Elizabeth Bowen CBE (/ˈbən/; 7 June 1899 – 22 February 1973) was an Irish-British novelist and short story writer notable for her books about the "big house" of Irish landed Protestants as well her fiction about life in wartime London.


Elizabeth Bowen (here-was-born plaque)
Elizabeth Bowen was born and spent her first seven winters in this house.

Elizabeth Dorothea Cole Bowen was born on 7 June 1899 at 15 Herbert Place in Dublin, daughter of barrister Henry Charles Cole Bowen (1862–1930), who succeeded his father as head of their Irish gentry family traced back to the late 1500s, of Welsh origin, and Florence Isabella Pomeroy (died 1912), daughter of Henry FitzGeorge Pomeroy Colley, of Mount Temple, Clontarf, Dublin, grandson of the 4th Viscount Harberton. Florence Bowen's mother was granddaughter of the 4th Viscount Powerscourt. Elizabeth Bowen was baptised in the nearby St Stephen's Church on Upper Mount Street.

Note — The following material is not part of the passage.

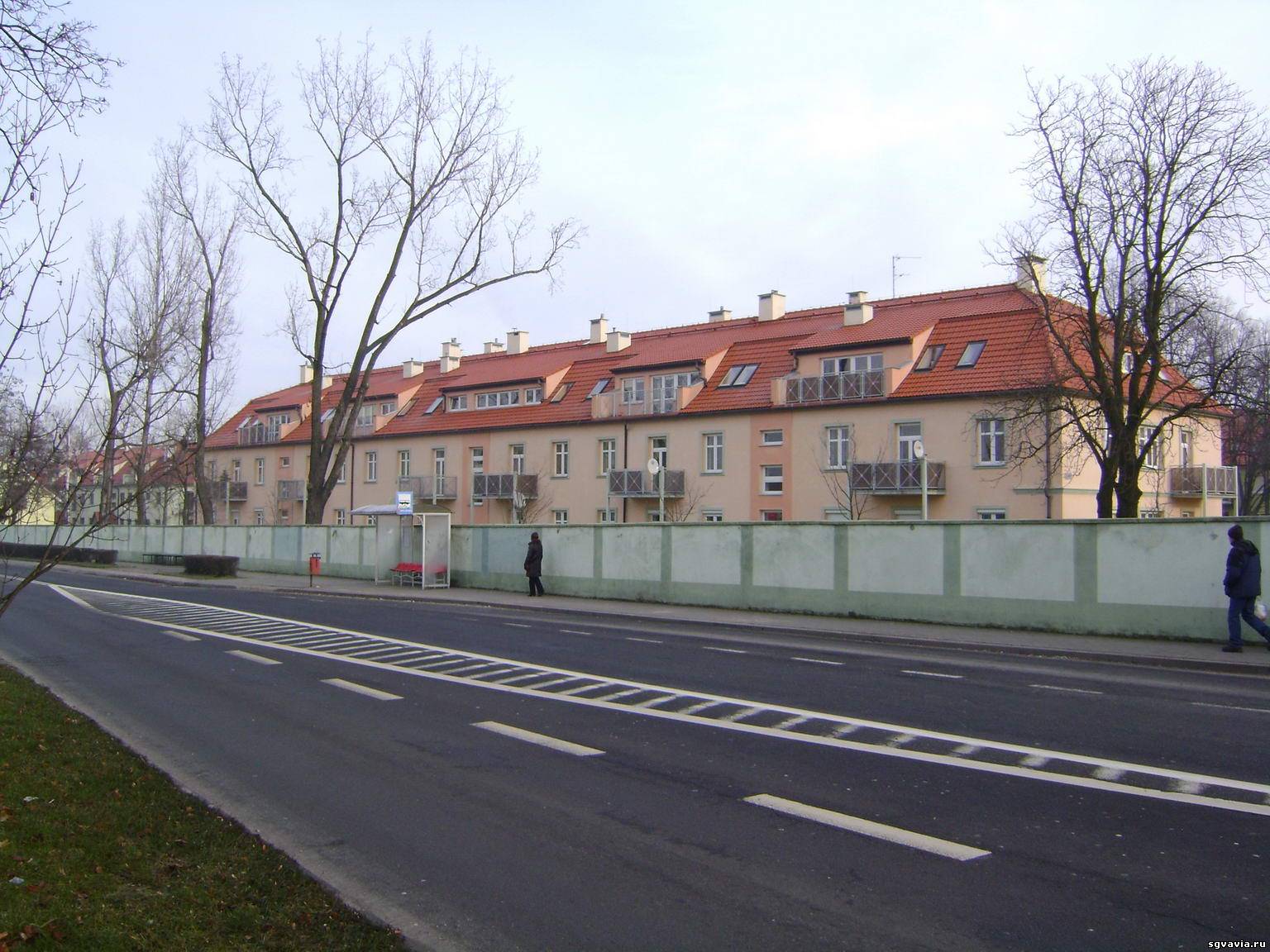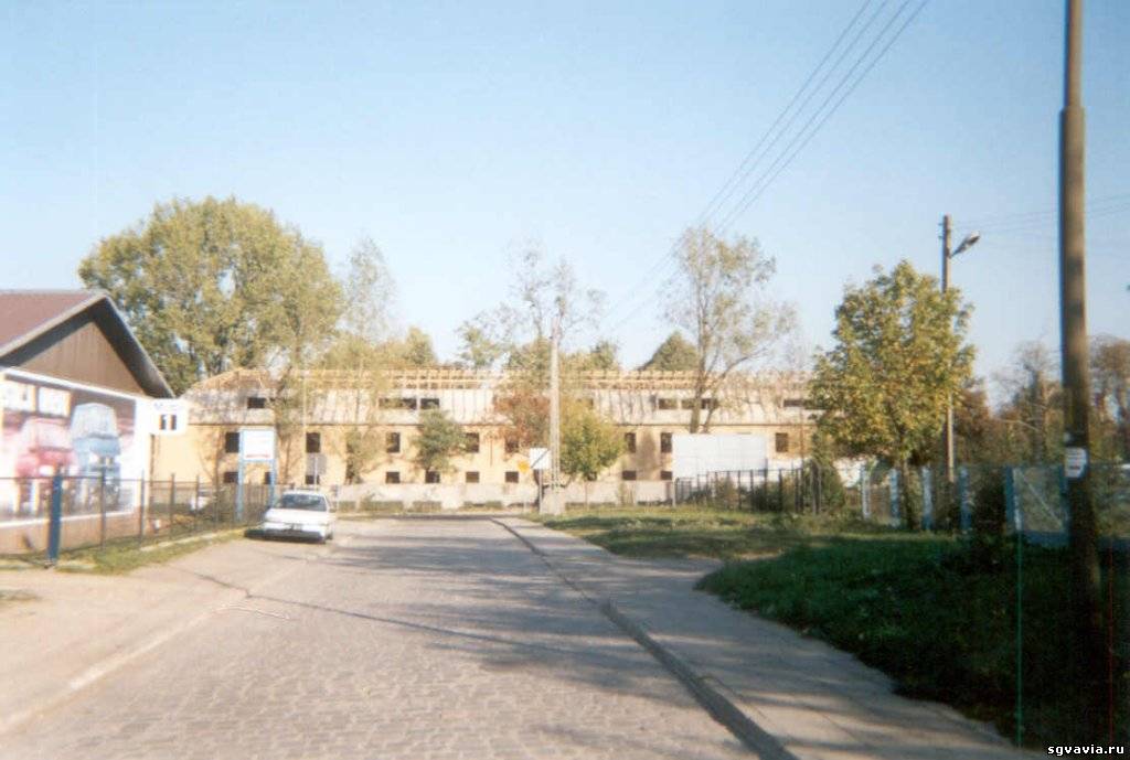 Кто знает, что располагалось в этих зданиях? Для ориентира - слева за дорогой была польская часть. Дорога ведет через офицерский клуб к КПП2. За последним зданием слева офицерский клуб.

Her parents later brought her to her father's family home, Bowen's Court at Farahy, near Kildorrery, County Cork, where she spent her summers. When her father became mentally ill in 1907, she and her mother moved to England, eventually settling in Hythe. After her mother died in September 1912 Bowen was brought up by her aunts; her father remarried in 1918. She was educated at Downe House School under the headship of Olive Willis. After some time at art school in London she decided that her talent lay in writing. She mixed with the Bloomsbury Group, becoming good friends with Rose Macaulay who helped her seek out a publisher for her first book, a collection of short stories entitled Encounters (1923).

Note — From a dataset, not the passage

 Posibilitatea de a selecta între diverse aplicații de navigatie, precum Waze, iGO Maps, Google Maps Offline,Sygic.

In 1923 she married Alan Cameron, an educational administrator who subsequently worked for the BBC. Bowen and her husband first lived near Oxford, where they socialised with Maurice Bowra, John Buchan and Susan Buchan, and where she wrote her early novels, including The Last September (1929). Following the publication of To the North (1932) they moved to 2 Clarence Terrace, Regent's Park, London, where she wrote The House in Paris (1935) and The Death of the Heart (1938). In 1937, she became a member of the Irish Academy of Letters.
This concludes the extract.